Monday, September 22, 2008

Book of the week: Tom Jefferson and Sally Hemings

The most interesting history book lately published must be Annette Gordon-Reed's The Hemingses of Monticello. It's being said this book by a young black lawyer and historian is the closest study of an American slave family ever written, with the added interest that the family in question included Sally Hemings, who was Thomas Jefferson's slave and concubine (and also his sister-in-law). I've been seeing admiring reviews of it widely. Jill Lepore's in the New Yorker is here. Edmund S. Morgan, in the New York Review of Books, says
The Hemingses of Monticello is a brilliant book. It marks the author as one of the most astute, insightful, and forthright historians of this generation.
Who wouldn't appreciate praise like that?

The book is about the Hemingses, not about the American president who owned them. But the reviews, good as they are, suggest Americans still have a tough time being tough minded about Thomas Jefferson. He is still one of the gods of the American pantheon, and they find it hard to consider him dispassionately.

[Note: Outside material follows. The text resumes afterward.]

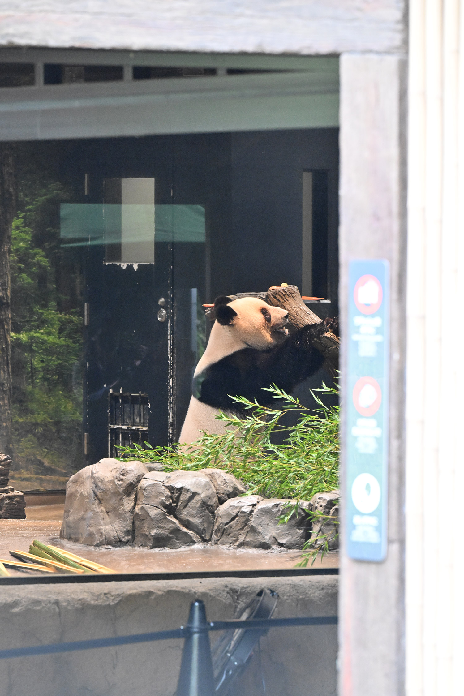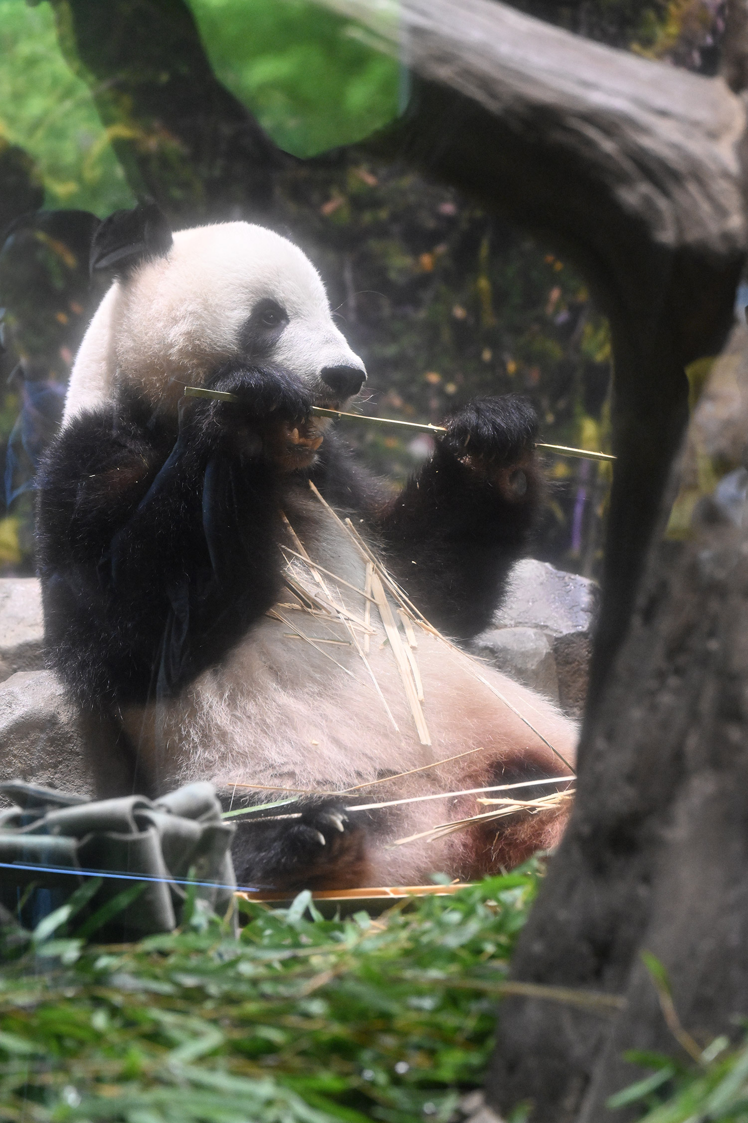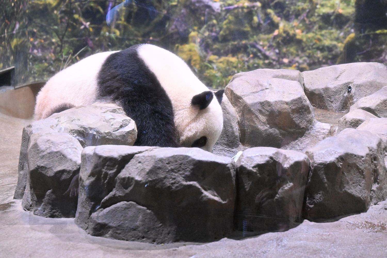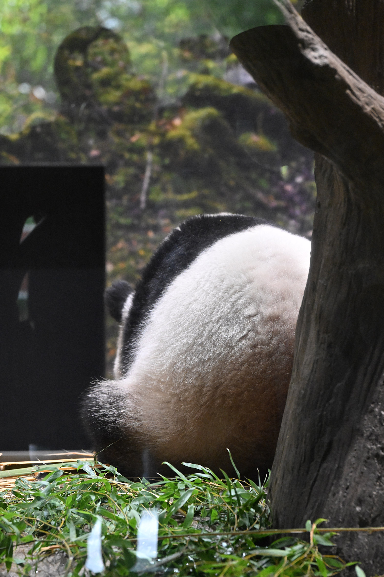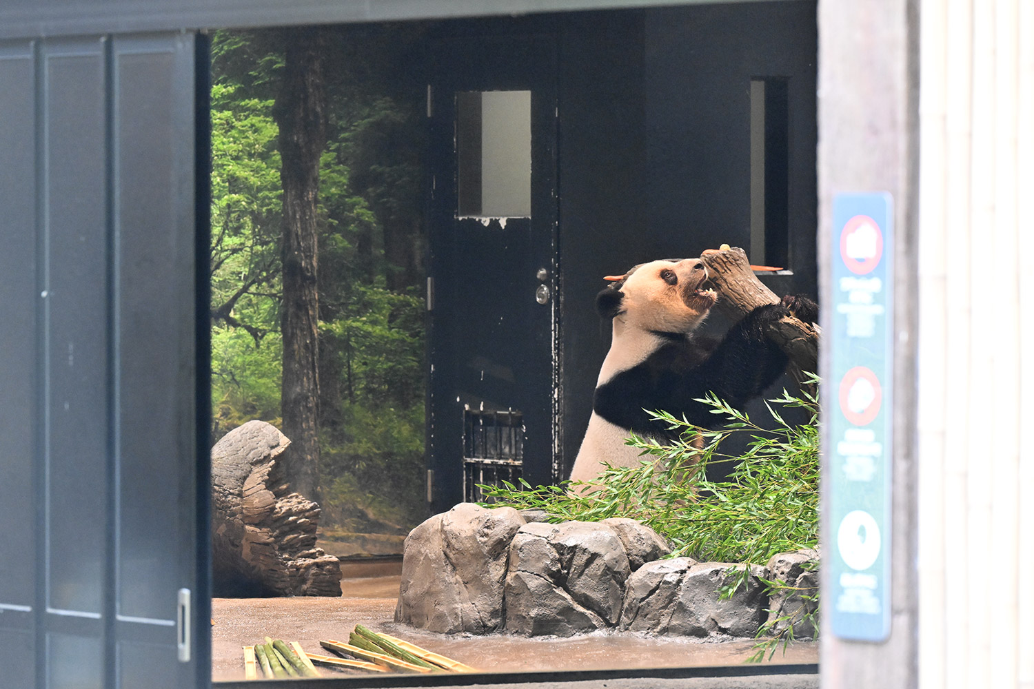 今日のパンダは10:00からです。今日も日差しがあるとやや暑めでパンダたちは室内展示でした。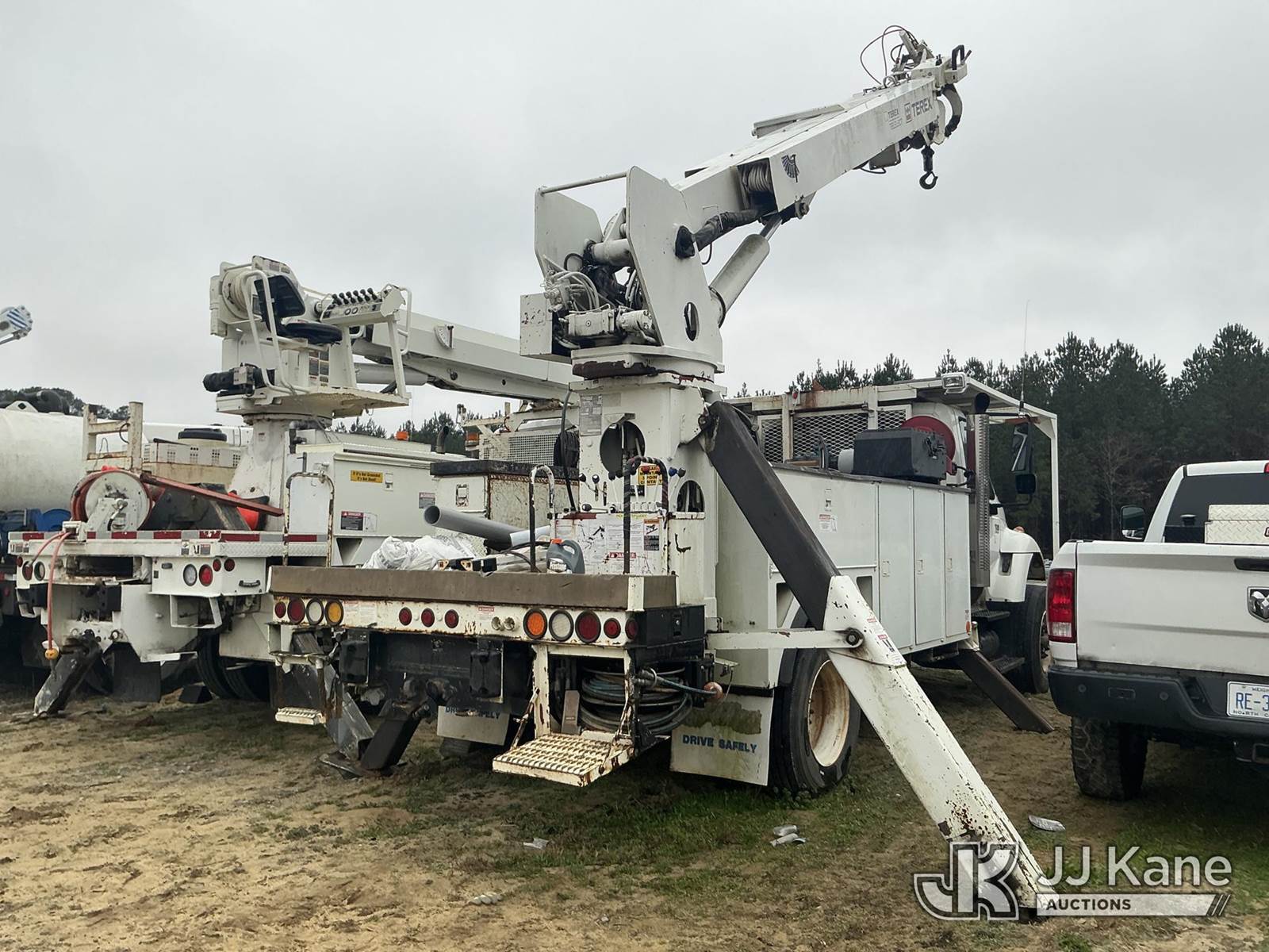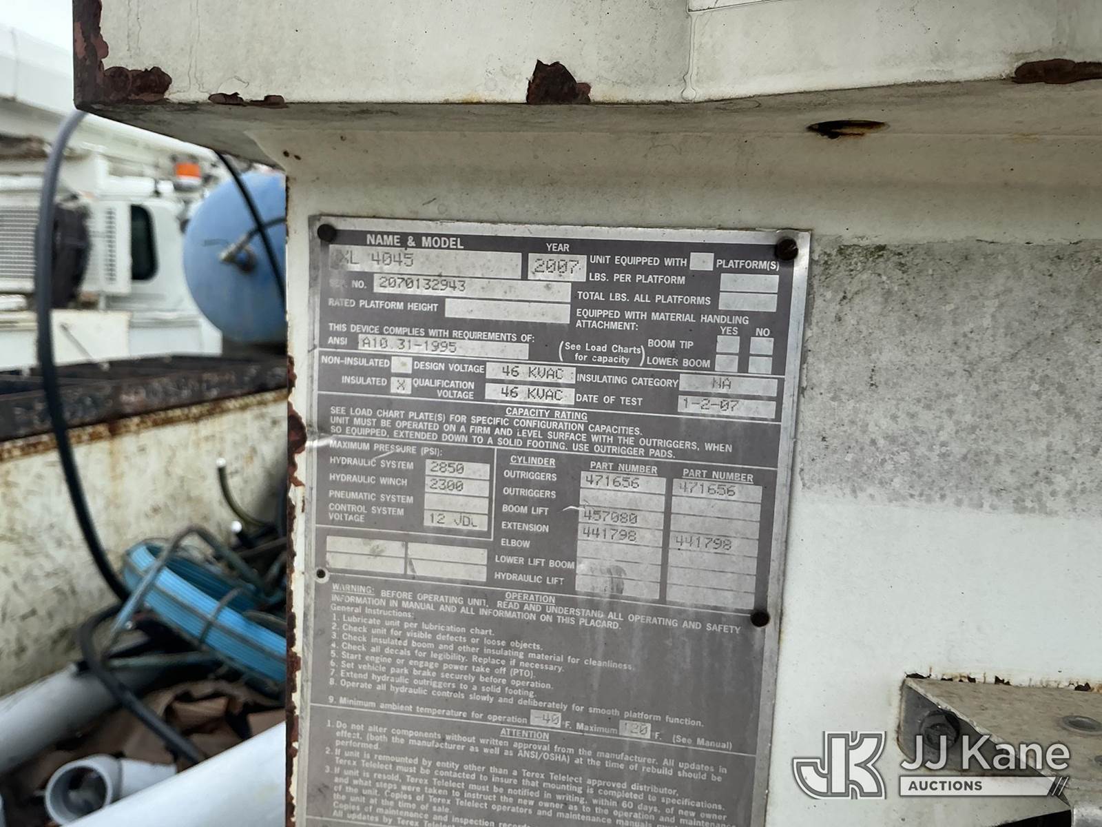 Terex/Telelect XL4045, Digger Derrick s/n 2070132943, with 45ft sheave height, three stage hydraulic boom, tip winch, upper controls, pole grabs, standing console, and four hydraulic outriggers, corner mounted on 2007 International 7400 Utility Truck, DT466 diesel, Auto, A/C, with front winch, (100,675 miles) (Runs, Moves, Upper Operates, Jump to Start, Lift Capacity Load Chart Missing) This is a Titled Item NOTE: This unit is being sold AS IS/WHERE IS via Timed Auction and is located in La Grange, NC. Inspection & preview days for this unit are by appointment only; please contact us at contact@jjkane.com or 84-Go-JJKane for more details. (Missing manuals, See Auction Company for Manufacturers Information to obtain manuals) (Buyer is responsible for removal. Assistance by consignor or JJ Kane Auctions is not assured.)

The Brits are tougher. Even at the time, English writer Samuel Johnson asked the vital question, "How is it that we hear the loudest yelps for liberty from the drivers of Negroes?" And Irish writer Conor Cruise O'Brien really dissects the awkwardness Jefferson should cause us in a study from a few years ago called The Long Affair, which analyses Jefferson not so much as a hypocrite about slavery, but as one fascinated with violence, extremism, and the disgusting view that the tree of liberty needs to be constantly fertilized with human blood.

Late Update: I thought there was no longer any reasoned dissent from the evidence of Jefferson's paternity of Sally Hemings's children. Jill Lepore reviews the evidence (and Jeffersonians' slowness in accepting it) in her review. But not everyone has come around, as witness the comment attached.

Later Update (Sept. 29): I've just added a long comment from an academic who argues it was not inconsistent for Thomas Jefferson to assert that all men are created equal while he owned slaves.
I hesitated about approving the comment, not because of its arguments, but because it is unsigned. People who speak in public should stand by their words, and that's particularly true of university teachers (whose freedom of speech is particularly protected) who wish to assert their credentials. I find the anonymity of this post reduces its influence on me, and I'm posting it almost against my better judgment.